Aaron Scherb, Tribune News Service
When Donald Trump mocked a disabled reporter, belittled a Gold Star family and insulted deceased Sen. John McCain for having been a prisoner of war, many Americans were understandably appalled and shocked. President Trump has publicly vilified individuals and groups of people in a way that no president has ever done before.
However, this offensive language and loss of civility in politics goes far beyond Trump. The increased lack of civility in politics and public discourse seems to be more of a symptom of a broken system than a cause. Endless money in politics, hyperpartisan gerrymandering and social media without accountability are largely responsible for the decreasing civility we see today.
Trump’s atrocious words (and actions) toward undocumented immigrants and residents of certain countries seek to divide and create a constant “us vs. them” dichotomy. This extreme tribalism is not unique to Trump and has been used by political parties and politicians for centuries. In the last several decades, though, we’ve seen a steady erosion of decency and the way we talk about people with whom we disagree. The loss of civility goes beyond just partisan differences, though.
In the 1990s, then-House Speaker Newt Gingrich “pioneered a style of partisan combat — replete with name-calling, conspiracy theories and strategic obstructionism” that eventually lay the groundwork for Trump. Gingrich defined people with whom he disagreed as the “enemy,” not someone with whom you worked.
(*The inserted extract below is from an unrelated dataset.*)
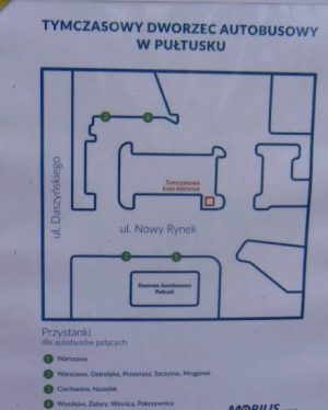 Już w zeszłym tygodniu, choć autobusy zajeżdżały jeszcze na dworcowy plac, sam budynek był pusty i zamknięty. W piątek na parking na przeciwko dworca przenoszono postój taksówek, dalej, przy Urzędzie Pracy stanął tajemniczy pusty kontener. Dziś na drzwiach dworca mamy informację iż w związku z jego zamknięciem, zmienia się rozkład jazdy i organizacja ruchu. W pustym jeszcze kontenerze ma powstać kasa biletowa i informacja. Stanowiska 1 i 2 są usytuowane na dawnym postoju taksówek, natomiast 3 i 4 przy bocznej ścianie marketu Stokrotka. To tymczasowe rozwiązanie. O dalszych będziemy informować na bieżąco.
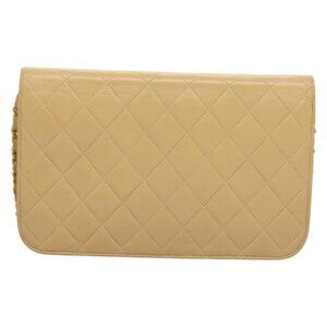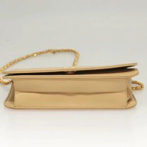 CHANEL Matelasse Chain Shoulder Bag Lamb Skin Beige Gold CC Auth 131435

He created unflattering nicknames for his opponents, frequently treated compromise as a four-letter word and viewed politics as a war for power.
Simultaneous to Gingrich’s rise, we saw huge increases in the amount of money that was spent in politics. Supreme Court decisions such as Citizens United and McCutcheon have led to still more ways for big money to be spent in politics. As the costs of campaigns rose, members of Congress had to spend more time raising money to keep up. They spent more time calling donors and less time working together in committees or socializing in Washington, especially as it became common practice not to have one’s family live in the D.C. area.
No longer did the children of Republicans and Democrats go to the same schools, play in the same sports leagues or attend the same houses of worship. Members of the other political party no longer consisted of people to work with to pass bipartisan legislation; they became just the opposition party with whom you rarely had to interact. The less well that legislators know each other, the easier it is has become to call each other names and demonise each other.
Another key factor leading to the loss of civility in politics is hyperpartisan gerrymandering. Technological advances have allowed mapmakers to use demographic data to carve up neighbourhoods and communities of interest to dilute their political power. The result? Politicians choose their voters instead of the other way around.
Whereas just 20 years ago, there were many more contested House elections, and as a result, more moderate members. Nowadays, around 85% of congressional districts are generally considered “safe” by political prognosticators in a typical election and highly unlikely to turn over. Many elected officials are therefore less incentivized to work together. Because of gerrymandered districts, many members’ main concern is getting “primaried” by an extremist from their own party (not losing in a general election), which may cause a more extreme type of individual to run for elected office.
Social media — our modern public square where millions of Americans freely debate ideas — has also led to an increasing lack of civility. Some social media is anonymous, which can inspire users to post just about anything with essentially no consequences or accountability.